US government proposes rules to increase transparency of clinical trials

Print 20 November 2014
FirstWorld Pharma

The US Department of Health and Human Services (HHS) proposed new rules on Wednesday that would increase the number of clinical trials that drugmakers, medical device companies and academic researchers are required to report. "We owe it to every participant and the public at large to support the maximal use of this knowledge for the greatest benefit to human health," remarked National Institutes of Health (NIH) director Francis Collins.

Specifically, under the proposed rules, any researcher receiving funding from the National Institutes of Health (NIH) would be compelled to make their study results available on ClinicalTrials.gov and report summary results within a year of study completion. Meanwhile, safety data would not have to be disclosed for studies conducted in the absence of NIH funding, but researchers would still be required to report other data.

The NIH estimated that the proposals, if approved, would result in the release of study data for about 650 additional studies each year. At present, the NIH and HHS estimate that about 178 000 studies are currently registered on ClinicalTrials.gov, although study summaries are only available for about 15 000 studies.

"This proposed rule would close an important gap, making additional information about clinical studies of investigational drugs, medical devices and biological products available to the public," commented FDA Commissioner Margaret A. Hamburg, adding "it would help eliminate unnecessary duplicative trials, advance biomedical innovation, and provide the public with a much richer understanding about the clinical trials for these products."

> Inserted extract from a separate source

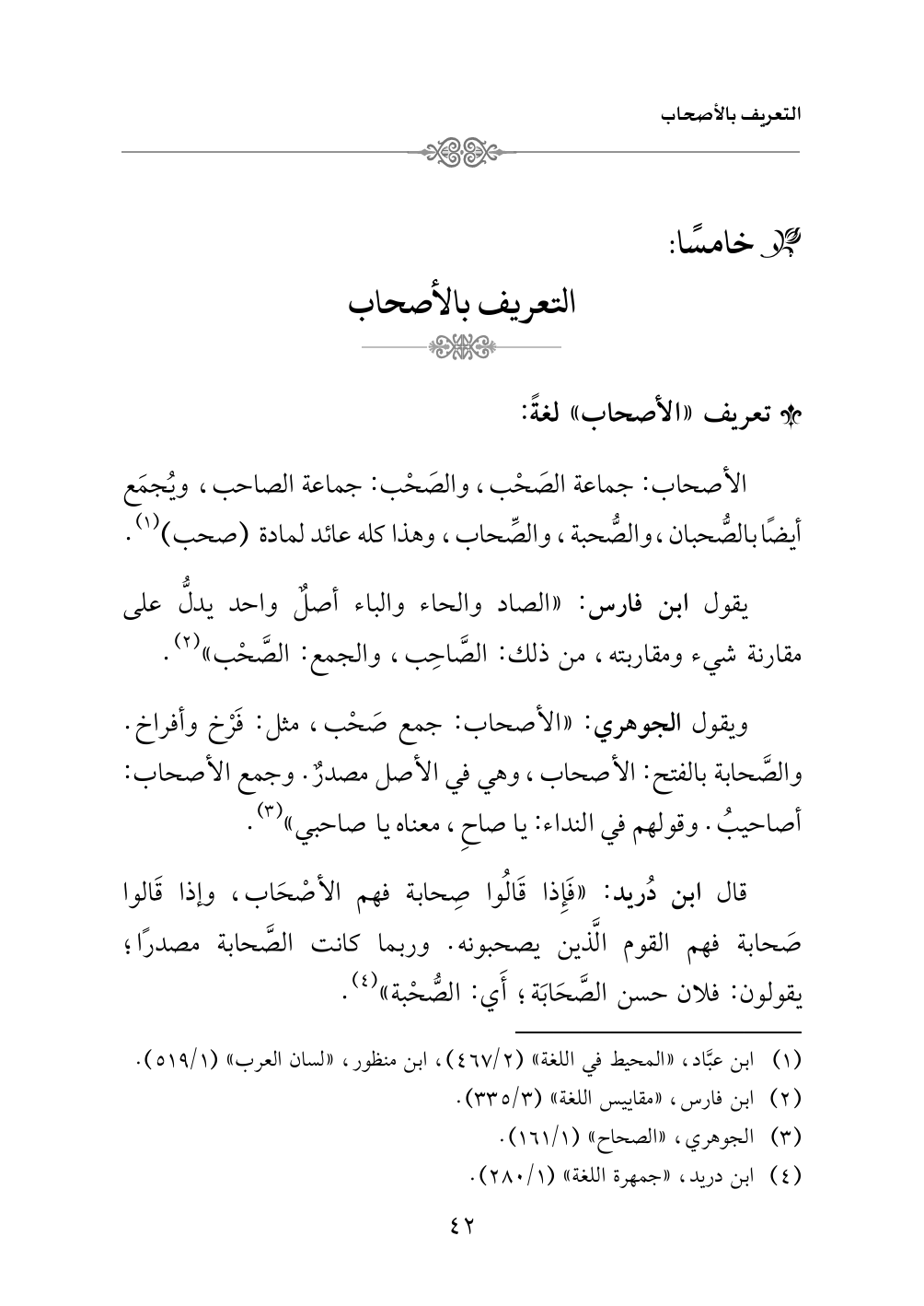 ويقول الجوهري: "الأصحاب: جمع صَحْب، مثل: فَرْخ وأفراخ. والصَّحابة بالفتح: الأصحاب، وهي في الأصل مصدرٌ. وجمع الأصحاب: أصاحيبُ. وقولهم في النداء: يا صاحِ، معناه يا صاحبي" (¬٣).
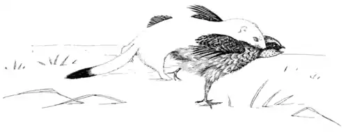 short hair and without any black whatever. Late in the autumn or early in the winter the ermine changes from reddish-brown to white, sometimes slightly washed with greenish-yellow or cream color, and again as brilliantly white as anything in Nature or art; the end of the tail, however, remains intensely black, and at first thought might be supposed to make the animal conspicuous on the white background of snow, but in reality has just the opposite effect, Place an ermine on new-fallen snow in such a way that it casts no shadow, and you will find that the black point holds your eye in spite of yourself, and that at a little distance it is quite impossible to follow the outline of the weasel itself. Cover the tail with snow, and you can begin to make out the position of the rest of the animal, but as long as the tip of the tail is in sight you see that and that only. The ptarmigan and northern hare also retain some spot or point of dark color when they take on their winter dress,

Commenting on the news, Harlan Krumholz, head of the Yale-New Haven Hospital Center for Outcomes Research and Evaluation, said "this is a great day for research in America." Krumholz further remarked "NIH is exhibiting extraordinary leadership in exerting their influence to promote the responsible conduct of research for anyone receiving their funds. It's a day to applaud these actions."

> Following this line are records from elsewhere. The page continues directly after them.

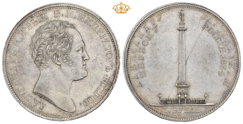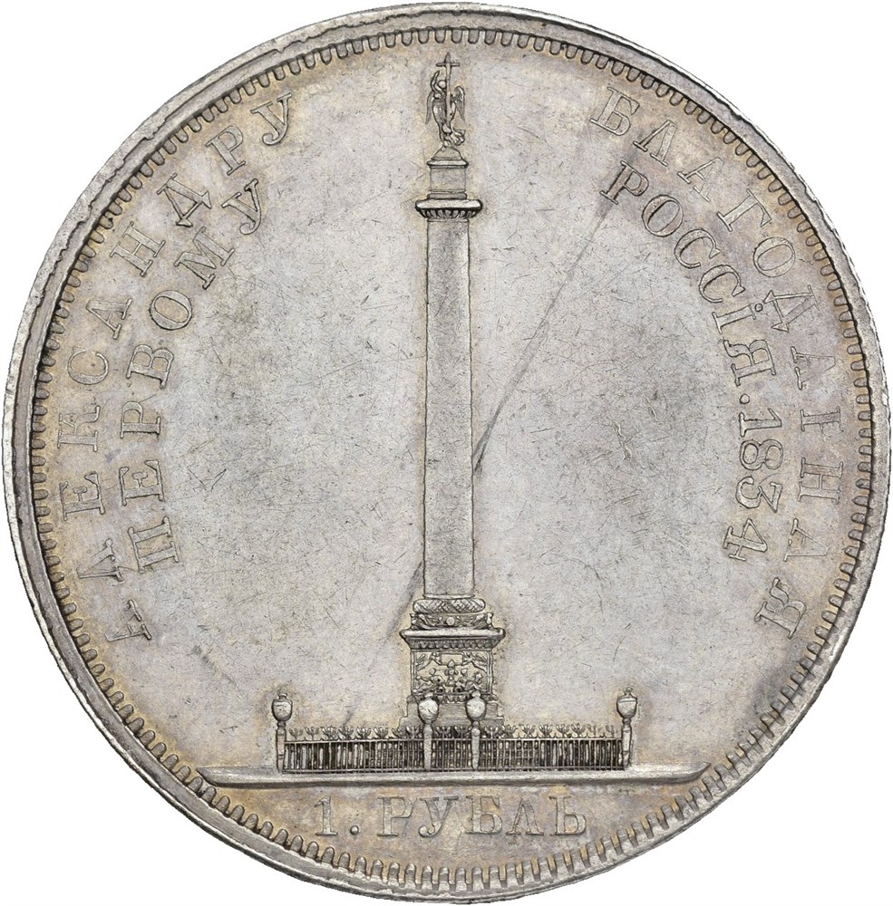 Rouble 1834. St. Petersburg mint. Traces of light cleaning in fields an a single hairline on reverse. Struck to commemorate the unveiling of Alexander I´s column in St. Petersburg
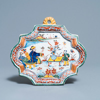 Een rechthoekige blauw-witte Delftse plaquette met Jezus en de Samaritaanse vrouw, gedateerd 1767
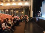 Ponadto dzieci poznały historię remontu teatralnego, a następnie zasiadły na widowni Małej Sceny. Tutaj p. Klaudia opowiedziała o pracy aktora, o przygotowaniach do sztuki, o tym, jak pracować głosem i w jaki sposób o niego dbać. Ciekawe dyskusje przerwał dzwonek. Był to znak, że pora udać się na przedstawienie.

However, Kay Dickersin, director of the Center for Clinical Trials at the Johns Hopkins Bloomberg School of Public Health, stated "the proposals take important steps toward greater transparency, but there are also disappointments." Dickersin praised the proposed requirement that results would have to be reported for studies of additional uses of FDA-approved drugs, but suggested that the lack of a requirement for researchers to reveal details of study protocols could permit drugmakers to conceal unfavourable results.